(Beginning of Provided records)

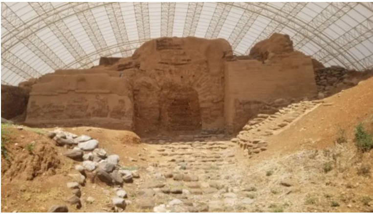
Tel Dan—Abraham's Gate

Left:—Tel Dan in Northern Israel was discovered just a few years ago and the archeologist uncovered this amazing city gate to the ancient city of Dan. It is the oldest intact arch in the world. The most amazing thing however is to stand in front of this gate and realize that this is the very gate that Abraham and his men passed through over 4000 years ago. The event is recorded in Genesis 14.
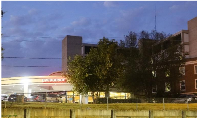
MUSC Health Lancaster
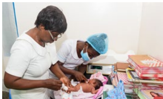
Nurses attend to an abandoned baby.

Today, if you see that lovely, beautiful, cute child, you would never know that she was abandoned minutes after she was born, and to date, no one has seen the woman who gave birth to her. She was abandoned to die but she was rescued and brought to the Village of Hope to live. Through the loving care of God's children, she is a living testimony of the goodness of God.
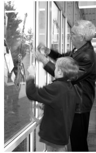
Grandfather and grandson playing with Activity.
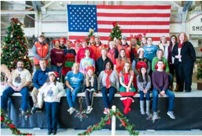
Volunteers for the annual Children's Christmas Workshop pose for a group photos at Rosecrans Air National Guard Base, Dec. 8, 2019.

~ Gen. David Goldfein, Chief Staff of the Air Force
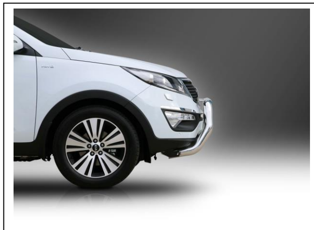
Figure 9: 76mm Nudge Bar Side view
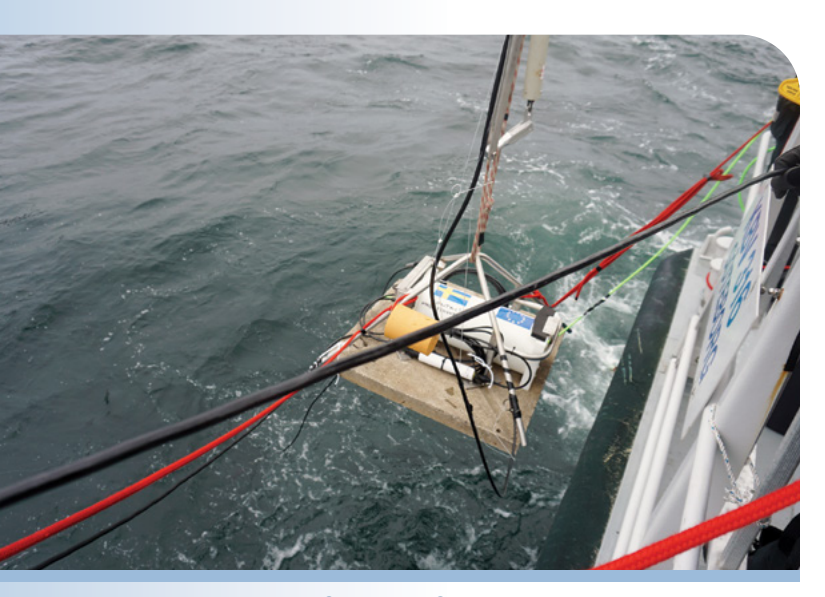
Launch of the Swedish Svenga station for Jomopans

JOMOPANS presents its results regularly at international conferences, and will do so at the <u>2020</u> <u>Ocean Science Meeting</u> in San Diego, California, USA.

(End of Provided records)
(Beginning of Provided records)

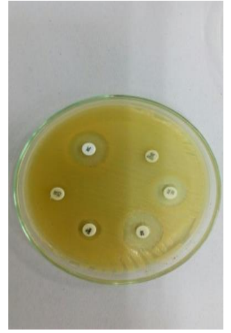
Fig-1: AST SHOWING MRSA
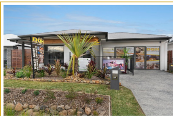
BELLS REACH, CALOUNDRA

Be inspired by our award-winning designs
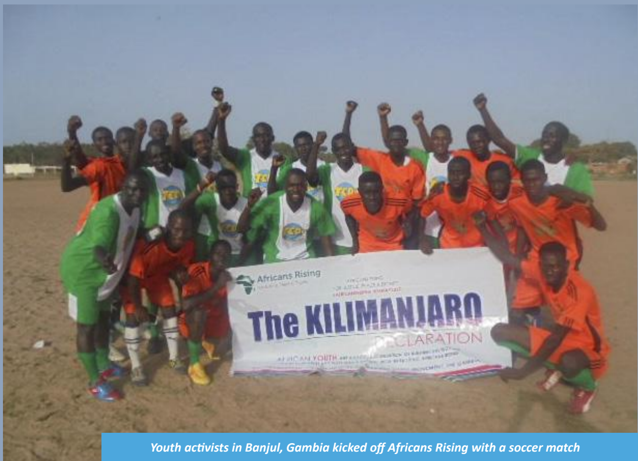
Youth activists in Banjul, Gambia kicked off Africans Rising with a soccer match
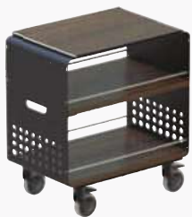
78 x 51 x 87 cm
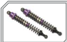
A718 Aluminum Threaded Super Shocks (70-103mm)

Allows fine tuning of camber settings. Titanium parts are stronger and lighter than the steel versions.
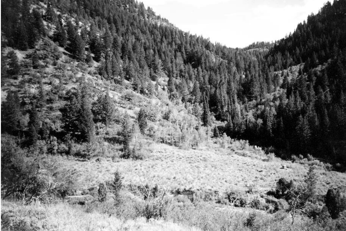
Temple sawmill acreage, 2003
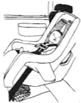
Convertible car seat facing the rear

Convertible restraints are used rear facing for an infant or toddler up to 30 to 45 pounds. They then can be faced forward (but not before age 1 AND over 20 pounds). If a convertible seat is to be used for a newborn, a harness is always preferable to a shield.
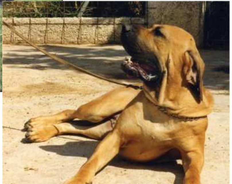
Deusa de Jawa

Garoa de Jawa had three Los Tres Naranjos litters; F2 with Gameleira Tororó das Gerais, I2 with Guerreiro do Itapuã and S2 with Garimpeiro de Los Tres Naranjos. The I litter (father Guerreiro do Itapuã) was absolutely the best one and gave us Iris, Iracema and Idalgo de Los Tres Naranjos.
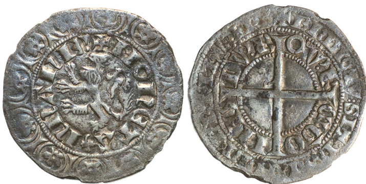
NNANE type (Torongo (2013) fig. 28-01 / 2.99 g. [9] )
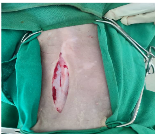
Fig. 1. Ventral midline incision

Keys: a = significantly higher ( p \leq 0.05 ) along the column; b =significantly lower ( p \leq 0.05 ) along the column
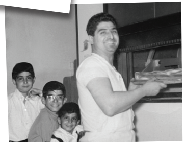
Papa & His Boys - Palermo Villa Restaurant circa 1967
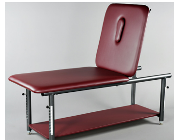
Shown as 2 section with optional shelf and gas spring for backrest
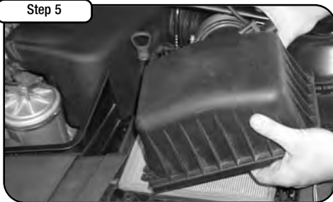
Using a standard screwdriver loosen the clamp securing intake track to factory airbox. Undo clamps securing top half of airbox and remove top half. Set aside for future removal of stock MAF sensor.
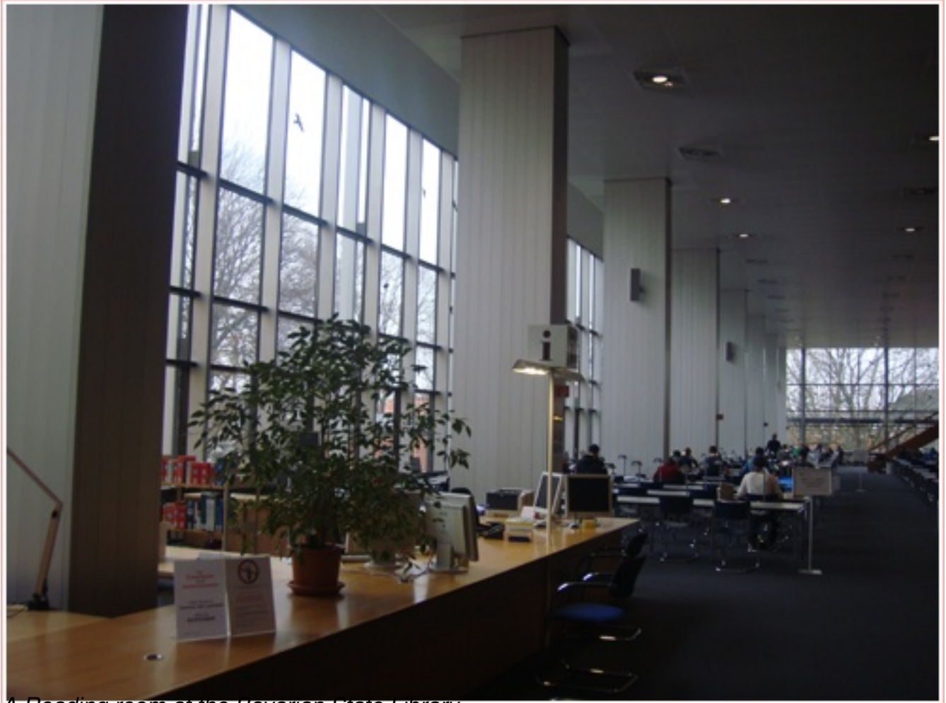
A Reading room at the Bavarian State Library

(End of Provided records)

## What to produce
How would the lines above read from the one with "Figure 9: 76mm Nudge Bar Side view" to the one with "JOMOPANS presents its", inclusive, with no pictures? Write them out exactly.

## Your solution
Figure 9: 76mm Nudge Bar Side view
Launch of the Swedish Svenga station for Jomopans

JOMOPANS presents its results regularly at international conferences, and will do so at the <u>2020</u> <u>Ocean Science Meeting</u> in San Diego, California, USA.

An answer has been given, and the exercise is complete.